Guest Posted July 25, 2011 Posted July 25, 2011 It appears as though you do not lift weights...one has nothing to do with the other. I know stoner kids that never exercise but are cut up and I know incredibly strong kids that look like "blah." There is no "survival" reason for BF to develop an upper body like patty and you know it. I'm not sure I understand where you're going with this? Are you saying you doubt that BF is muscular? Every creature in the wild is muscular (in proportion to their size) and it may simply be in BF's dna.
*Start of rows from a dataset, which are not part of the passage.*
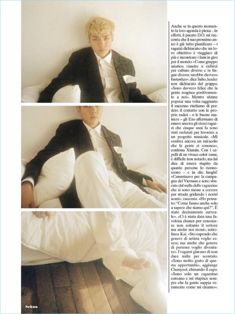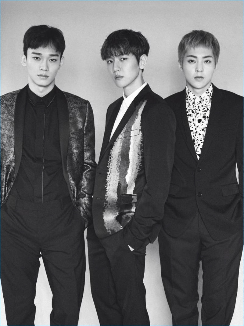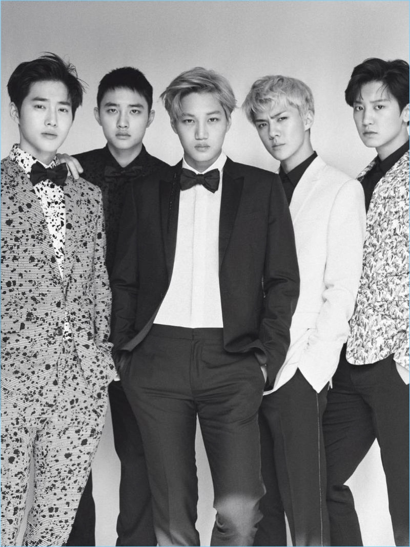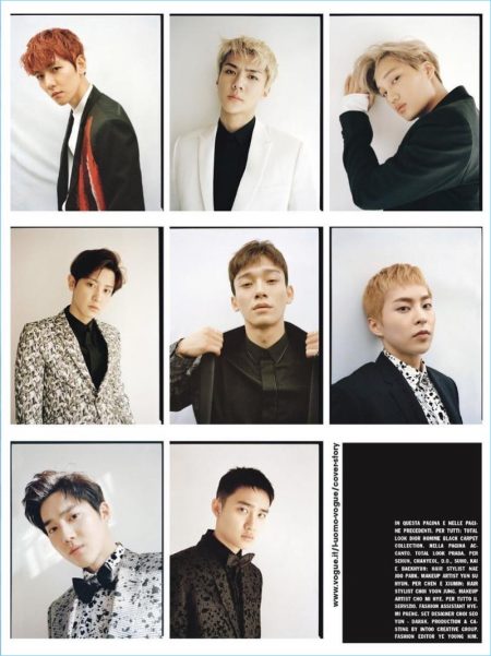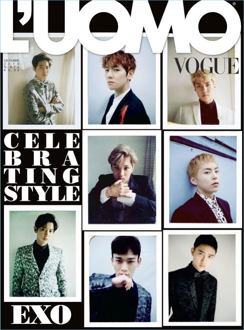 L’Uomo Vogue enlists Korean music group EXO for its December 2016 cover story. Baekhyun, Chen, Lay, Sehun, Chanyeol, D.O., Kai, Suho, and Xiumin come together in designer fashions from brands such as Gucci. EXO appears before the lens of photographer Peter Ash Lee and receives a style update, courtesy of stylist, Kim Yeyoung.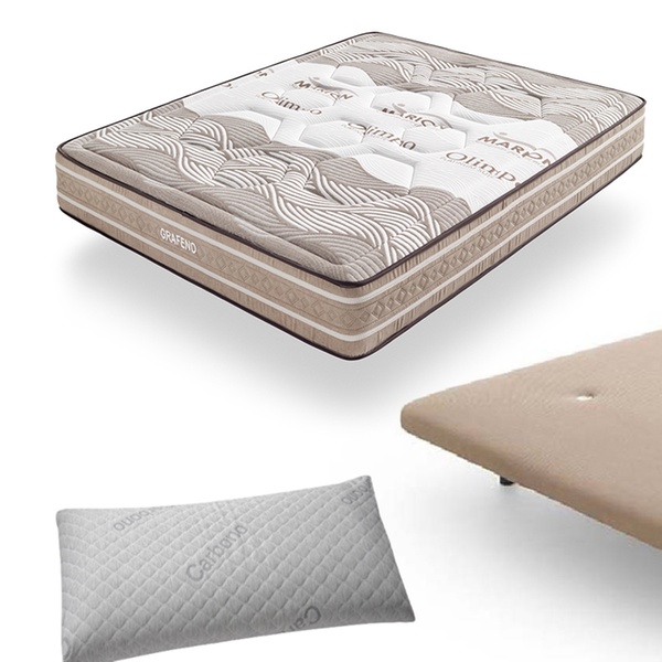 Este pack de colchón, base tapizada y almohada está diseñado para proporcionar un confort de alta gama
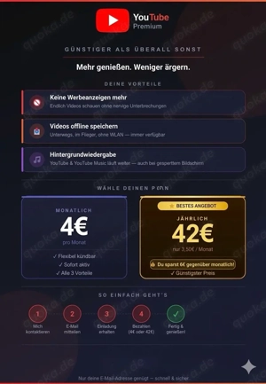 Hallo zusammen, ich biete YouTube Premium über mein Familienabo an. Ihr nutzt Premium ganz normal auf eurem eigenen Account. Vorteile: Keine Werbung YouTube Music inklusive Videos offline speichern Hintergrundwiedergabe Preis: 4 pro Monat oder 42 pro Jahr So funktioniert ...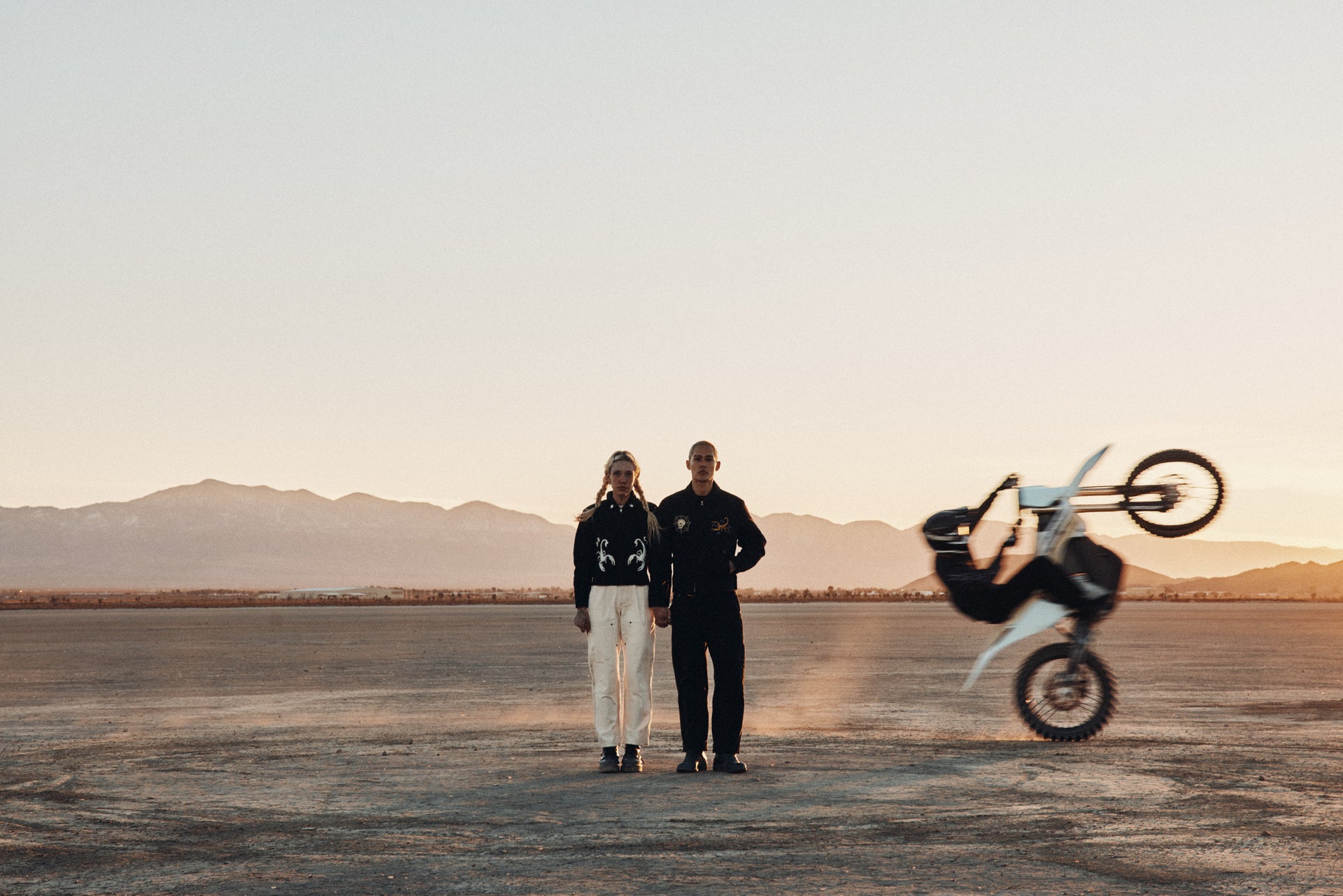 We found balance in the process- taking a pre-worn and already chaotic pair of trousers and hand-painting new details and art onto them. It was fun to apply our graphic DNA onto a piece that wouldn’t typically find it. This sparked the inspiration for the entire collection & the campaign shoot- which was on the dry riverbeds of El Mirage.

Guest Posted July 25, 2011 Posted July 25, 2011 Modern humans are adapted for endurance running, and that means their muscles have different abilities than other hominins and great apes who are adapted for strength. Chimps are much smaller than humans but are estimated to be 4x to 7x as strong because of differences in muscle tissue type, not bulk or training. If sasquatches came from a lineage that was never adapted to endurance running then they would retain that "brute strength" that other animals have, and if you consider the possibility that they seem to be almost twice as big, and live a life of high exertion outdoors all the time, then you would expect such reports to exist. The strength of great apes and the speed of humans (article) http://www.ncbi.nlm....pubmed/19817225 Thanks, I guess this should about dead the issue of BF's strength.
Guest Posted July 25, 2011 Posted July 25, 2011 An American bison bull is no slouch. Yeah, BF just grabs the head/horns, and twists, instant dinner party.. We need a vomiting emoticon..and a fainting one also for us ladies.